Wesentlich bessere Qualität als der Müll von Acer oder Packard Bell bekommst Du z.b. von Samsung -> Samsung P480 ...das ist ein waschechtes Business-Notebook mit superleisem Lüfter und der besten Verarbeitung in dieser PReisklasse. Der Service ist Sauschnell und sehr zuverlässig. Bei dem Laden den ich gepostet habe reparieren die Geräte von Samsung in der hauseigenen Werkstatt.


----------



## Cyberian (15. April 2011)

EQU4LIZ3R schrieb:


> Wesentlich bessere Qualität als der Müll von Acer oder Packard Bell bekommst Du z.b. von Samsung -> Samsung P480 ...das ist ein waschechtes Business-Notebook mit superleisem Lüfter und der besten Verarbeitung in dieser PReisklasse. Der Service ist Sauschnell und sehr zuverlässig. Bei dem Laden den ich gepostet habe reparieren die Geräte von Samsung in der hauseigenen Werkstatt.
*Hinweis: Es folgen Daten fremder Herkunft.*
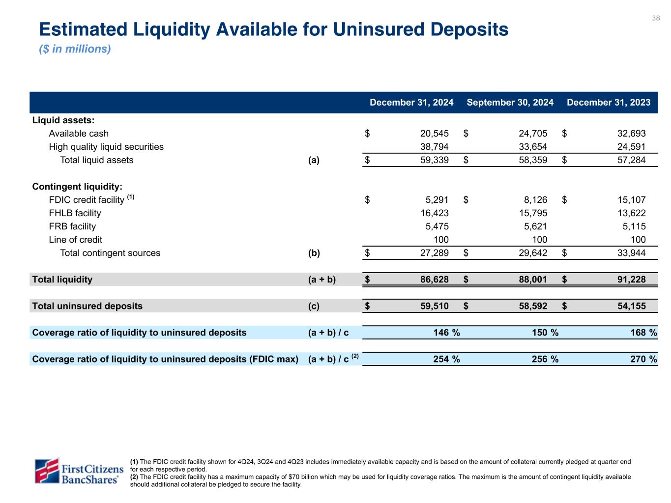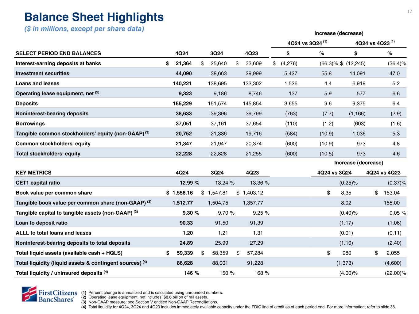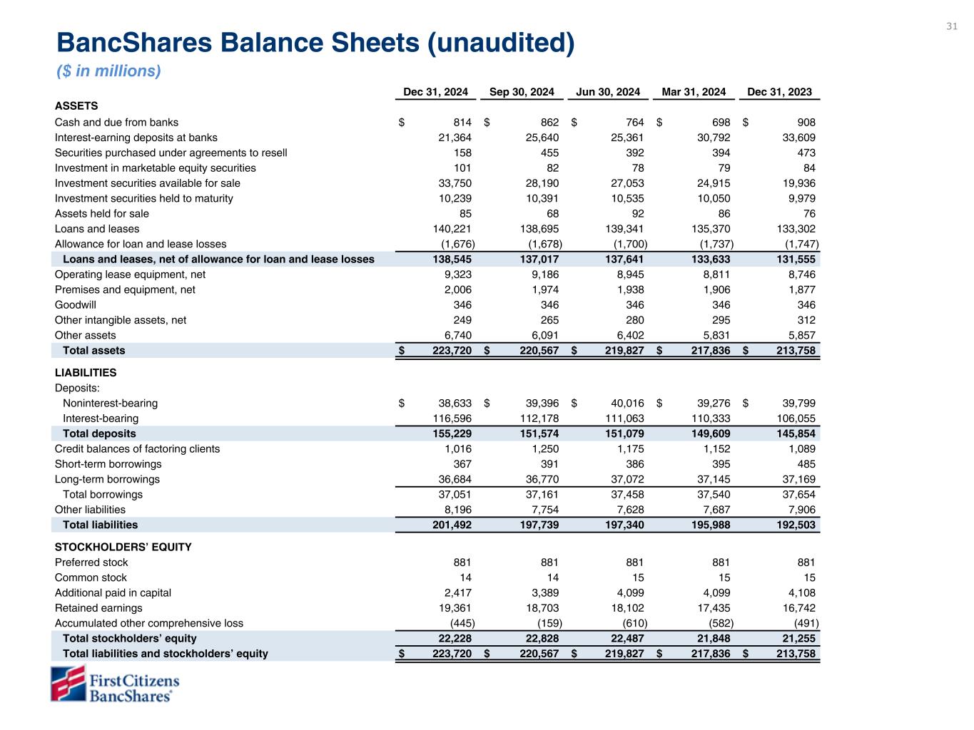 31 Dec 31, 2024 Sep 30, 2024 Jun 30, 2024 Mar 31, 2024 Dec 31, 2023 ASSETS Cash and due from banks $ 814 $ 862 $ 764 $ 698 $ 908 Interest-earning deposits at banks 21,364 25,640 25,361 30,792 33,609 Securities purchased under agreements to resell 158 455 392 394 473 Investment in marketable equity securities 101 82 78 79 84 Investment securities available for sale 33,750 28,190 27,053 24,915 19,936 Investment securities held to maturity 10,239 10,391 10,535 10,050 9,979 Assets held for sale 85 68 92 86 76 Loans and leases 140,221 138,695 139,341 135,370 133,302 Allowance for loan and lease losses (1,676) (1,678) (1,700) (1,737) (1,747) Loans and leases, net of allowance for loan and lease losses 138,545 137,017 137,641 133,633 131,555 Operating lease equipment, net 9,323 9,186 8,945 8,811 8,746 Premises and equipment, net 2,006 1,974 1,938 1,906 1,877 Goodwill 346 346 346 346 346 Other intangible assets, net 249 265 280 295 312 Other assets 6,740 6,091 6,402 5,831 5,857 Total assets $ 223,720 $ 220,567 $ 219,827 $ 217,836 $ 213,758 LIABILITIES Deposits: Noninterest-bearing $ 38,633 $ 39,396 $ 40,016 $ 39,276 $ 39,799 Interest-bearing 116,596 112,178 111,063 110,333 106,055 Total deposits 155,229 151,574 151,079 149,609 145,854 Credit balances of factoring clients 1,016 1,250 1,175 1,152 1,089 Short-term borrowings 367 391 386 395 485 Long-term borrowings 36,684 36,770 37,072 37,145 37,169 Total borrowings 37,051 37,161 37,458 37,540 37,654 Other liabilities 8,196 7,754 7,628 7,687 7,906 Total liabilities 201,492 197,739 197,340 195,988 192,503 STOCKHOLDERS’ EQUITY Preferred stock 881 881 881 881 881 Common stock 14 14 15 15 15 Additional paid in capital 2,417 3,389 4,099 4,099 4,108 Retained earnings 19,361 18,703 18,102 17,435 16,742 Accumulated other comprehensive loss (445) (159) (610) (582) (491) Total stockholders’ equity 22,228 22,828 22,487 21,848 21,255 Total liabilities and stockholders’ equity $ 223,720 $ 220,567 $ 219,827 $ 217,836 $ 213,758 BancShares Balance Sheets (unaudited) ($ in millions)

Ich weiß ist zwar nicht mein Thread aber habe das Ding Heute im Notebookshop in Darmstadt gesehen ist echt ein feines Teil für das Geld  @Equalizer weißt du ob die dort auch Lenovo vor Ort reparieren auf Garantie, also wenn man sie dort gekauft hat denn überlge mir ein Thinkpad x220 dort zuzulegen, sobald es draußen ist. Gruß Cyb


----------



## RC-X (15. April 2011)

Wie wäre es mit einem Asus 1215B?


----------



## EQU4LIZ3R (16. April 2011)

Cyberian schrieb:


> Ich weiß ist zwar nicht mein Thread aber habe das Ding Heute im Notebookshop in Darmstadt gesehen ist echt ein feines Teil für das Geld  @Equalizer weißt du ob die dort auch Lenovo vor Ort reparieren auf Garantie, also wenn man sie dort gekauft hat denn überlge mir ein Thinkpad x220 dort zuzulegen, sobald es draußen ist. Gruß Cyb


 
Ja das tun Sie, genauso wie für Samsung, Sony, Toshiba, LG und seit neuestem auch für Apple  (Bewusst nicht für Acer und PAckard Bell nehme ich an ^^)
Ob man dadurch Zeit spart sei mal dahin gestellt, denn wenn der Hersteller nicht mit den Ersatzteilen beikommt kann es auch dort mal 2 Wochen dauern.
Hier sollte man so fair sein und berücksichtigen daß auch denen teilweise die Hände gebunden sind und hexen kann man dort wahrscheinlich auch nicht.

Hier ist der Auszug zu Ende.